Dynamic scheduling for flexible job shop based on MachineRank algorithm and reinforcement learning

Abstract

This paper investigates the Dynamic Flexible Job Shop Scheduling Problem (DFJSP), which is based on new job insertion, machine breakdowns, changes in processing time, and considering the state of Automated Guided Vehicles (AGVs). The objective is to minimize the maximum completion time and improve on-time completion rates. To address the continuous production status and learn the most suitable actions (scheduling rules) at each rescheduling point, a Dueling Double Deep Q Network (D3QN) is developed to solve this problem. To improve the quality of the model solutions, a MachineRank algorithm (MR) is proposed, and based on the MR algorithm, seven composite scheduling rules are introduced.
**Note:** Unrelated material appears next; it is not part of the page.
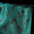 Forest green taffeta w/ all-over small black print, bodice w/ polonaise peplum over bustle skirt, black dome buttons, torchon bobbin lace & black velvet trims, B 36", W 28", Skirt L 39", (small tear on back of top, torn lace, beaded appliques on both sleeves original?) very good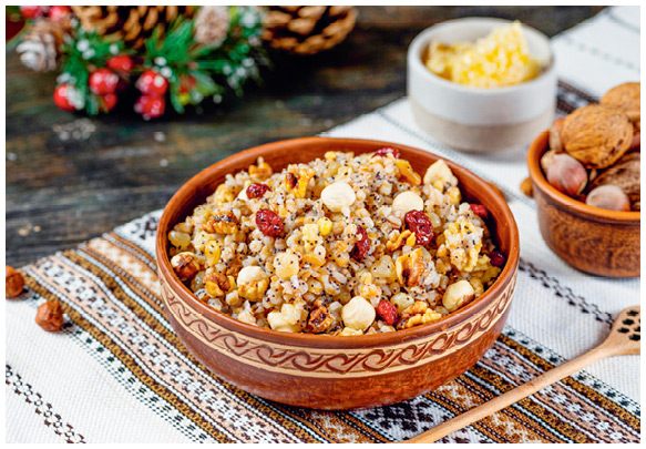 В сочельник на стол обязательно ставили постное сочиво. Выбор злаков и добавок зависел от вкуса хозяев, их финансовых возможностей и региона. Примерный рецепт выглядит так: высыпать стакан пшеничных зерен в чугунок, залить тремя стаканами воды, чуть-чуть посолить, накрыть крышкой и отправить в духовку на два-три часа. Пшеница разварится, зерна станут мягкими, могут даже полопаться. Затем чугунок надо вынуть из духовки и дать пшенице остыть. Из горшочка зерна выкладывать не надо: они могут подсохнуть, а сочиво должно быть мягким. Затем можно смешать пшеницу с любыми сухофруктами, орехами, полить медом, разведенным водой в пропорции один к одному. Есть рецепты сочива из риса, когда в хорошо проваренный рис добавляли толченый миндаль и изюм.

These rules aim to select and execute the optimal operation each time an operation is completed or a new disturbance occurs. Additionally, eight general state features are proposed to represent the scheduling status at the rescheduling point. By using continuous state features as the input to the D3QN, state-action values (Q-values) for each scheduling rule can be obtained. Numerical experiments were conducted on a large number of instances with different production configurations, and the results demonstrated the superiority and generality of the D3QN compared to various composite rules, other advanced scheduling rules, and standard Q-learning agents. The effectiveness and rationality of the dynamic scheduling trigger rules were also validated.